Volume 93, Issue x

Wednesday, March 18, 1999


Mustangs run wild over Gryphons

Western ruggers kick Guelph's tail

Men's soccer team edge Gryphons in tight match

Women's soccer team ties Guelph

Boxing fans left in the cold for corporate cash

Mustangs run wild over Gryphons

Will Edmondson/Gazette
ALL MUST BOW DOWN TO MY QUARTERBACKING ABILITY. Western quarterback Mike O'Brien (12) stands tall as linemen surround his feet in Saturday's victory over Guelph.

By Chad Thompson
Gazette Staff

It was a long day in Guelph for the Gryphons as their wings were clipped by an invading Western Mustangs' football team, 26-3.

The game opened slowly as Western was only able to score two singles in the first quarter – one coming off kicker Giulio Fricano's missed field goal and the other from punter/quarterback Mike O'Brien's 67-yard punt, which landed in the end zone.

The second quarter was all Mustangs. Western linebacker Darryl Fabiani was able to block kicker Norman Nasser's punt, setting up the Mustangs on the Gryphons' five yard line. Western running back Fabian Rayne plunged in from the one yard line to give Western a 9-0 lead.

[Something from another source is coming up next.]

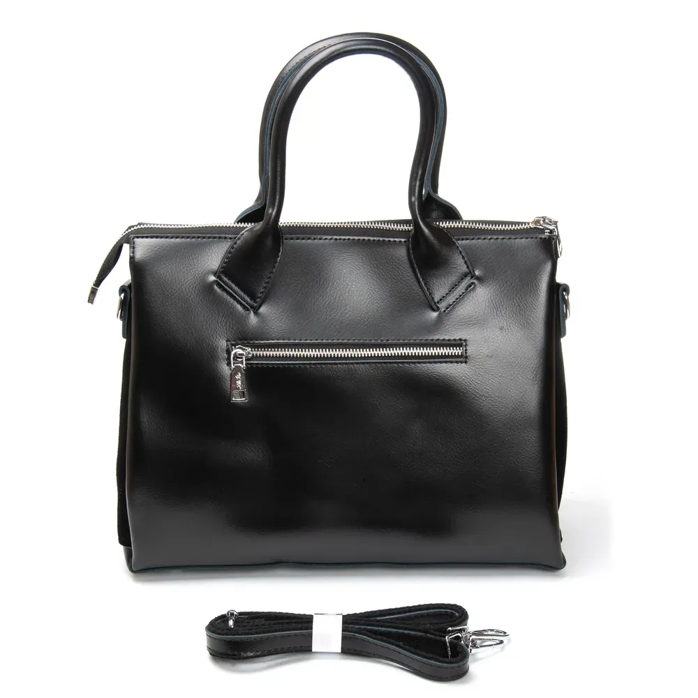 Три отделения, закрываются на общую молнию. Внутри центрального отделения находится боковой двойной открытый карман и карман на молнии. Снаружи сумки на фасаде и на обратной стороне расположены карманы на молнии. Дно сумки жесткое, с металлическими ножками.
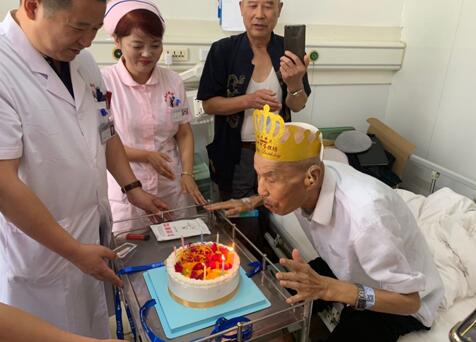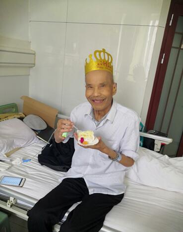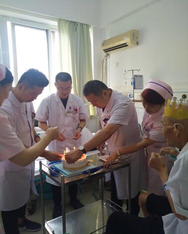 在全科醫護人員一聲聲的生日祝福中,護士長給老人戴上了生日帽,在大家的鼓動和指導下,讓老人閉上眼睛許了個愿,鼓足了氣吹了蠟燭,又幫助切蛋糕分蛋糕。一時間,老人就像是自己家的老人,這兒孫滿堂承歡膝下的景象,讓一旁的家屬感動不已:“這是我今生吃到的最好吃的蛋糕。你們救死扶傷,工作繁忙,還這么貼心地給我哥哥過生日。我真不知該怎樣表達我的感激之情。

Later, with five minutes left in the second quarter, Mustang runningback Scott Crawley broke through Guelph's defensive line and ran 68-yards to the end zone. After a fake punt by Guelph was thwarted, Fabian Rayne shot through the Gryphon defence en route to a 54-yard touchdown. The half closed with Western up 23-0.

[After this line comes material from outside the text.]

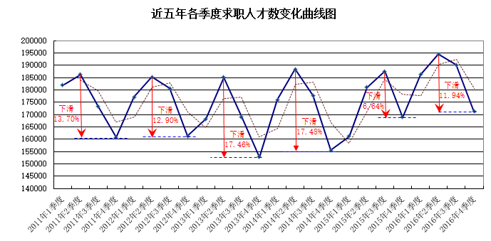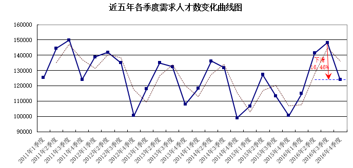 2016年广西人才网联系统中用人单位对人才的需求同比增长较大,其人才需求量为528349人,与上年度相比增加83201人,大幅增长18.69%,虽然季节性变动轨迹依旧明显,2016年第四季度需求人才量与第三季度最高点相比下滑16.46%,但是仍接近上年度第二季度的最高水平。
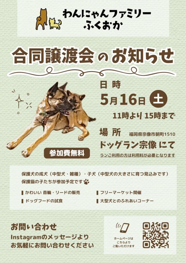 日ごろより、お手伝いしてくださるボランティアの皆さま、物資をご支援くださる皆さま、地域の皆さま、「わんにゃんファミリーふくおか」の活動を応援してくださる方々に深くお礼申し上げます。

The Mustangs added three more singles at the beginning of the second half from the foot of O'Brien with kicks of 62, 57 and 67 yards. The game ended with Guelph marching down the field to score their first points of the season, as kicker Dwight Griffith added a field goal with 28 seconds left in the game.

Western's head coach Larry Haylor felt the only thing that stopped the Mustangs' offence was the amount of penalties the team took. "We keep getting penalty after penalty. We seem to work when the play breaks instead of working the whole time. Players see the play going down the field and suddenly feel the need to block which leads to penalties – it is frustrating."

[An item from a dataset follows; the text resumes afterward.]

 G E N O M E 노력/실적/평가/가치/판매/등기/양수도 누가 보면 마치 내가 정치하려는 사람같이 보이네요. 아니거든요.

A bright spot for Haylor was the special teams and O'Brien, pinning the Gryphons in their end for most of the game. "Special teams were part of the offence today," he said.

Coach Haylor said he was pleased with the way the team ran the ball, as Western amassed 300 yards on the ground over the duration of the game. "We felt if we got into their linebackers we would do well and when we did, we ran well."

Rayne felt the game was not a great performance by the Mustang's offence. "We had spurts. On a whole we did not click as a unit."

When asked about the long touchdown run, Rayne said it was all instinct. "You may see something, but you have to go for it at a 110 per cent."

Defensively, the Mustangs were able to control the Gryphons and Western's defensive co-ordinator Bob Larosse said he felt his unit did well. "They came with a different formation so we had to play our base defence," he said. "Our athletes did a great job."

Western's secondary was able to hit the Guelph receivers every time they touched the ball and Larosse was pleased with their play. "They threw quickly, we knew the basic game plan, if [Guelph] threw to their receivers, they would be punished."

Eddie Readings, a defensive back for the Mustangs, cited the quick release of Guelph's quarterback Mike Ruthven as the reason they were able to hit the receivers quickly. "They run a three-step drop and fire right away," he said of Guelph's offence. "We would just target the receiver and hit them."

Readings felt the defence played with confidence all day and were able to stop Guelph's running game. "We ran an effective search," he said. "[Runningback Gerrit] Stam is a good runner and we expected him to run well."

Guelph's coach Dan McNally said he was disappointed with the play of his offensive line. "The line is talented but they had no focus and did not perform well," he said. "We didn't execute well [on offence]."

McNally felt field position was the difference in the game. "We always had a long field to work against," he said. "They always had a short field as a result." McNally added he felt his defence played well with the exception of the long touchdown runs by Rayne and Crawley.

Western's next game is Sept. 25 versus the York Yeoman.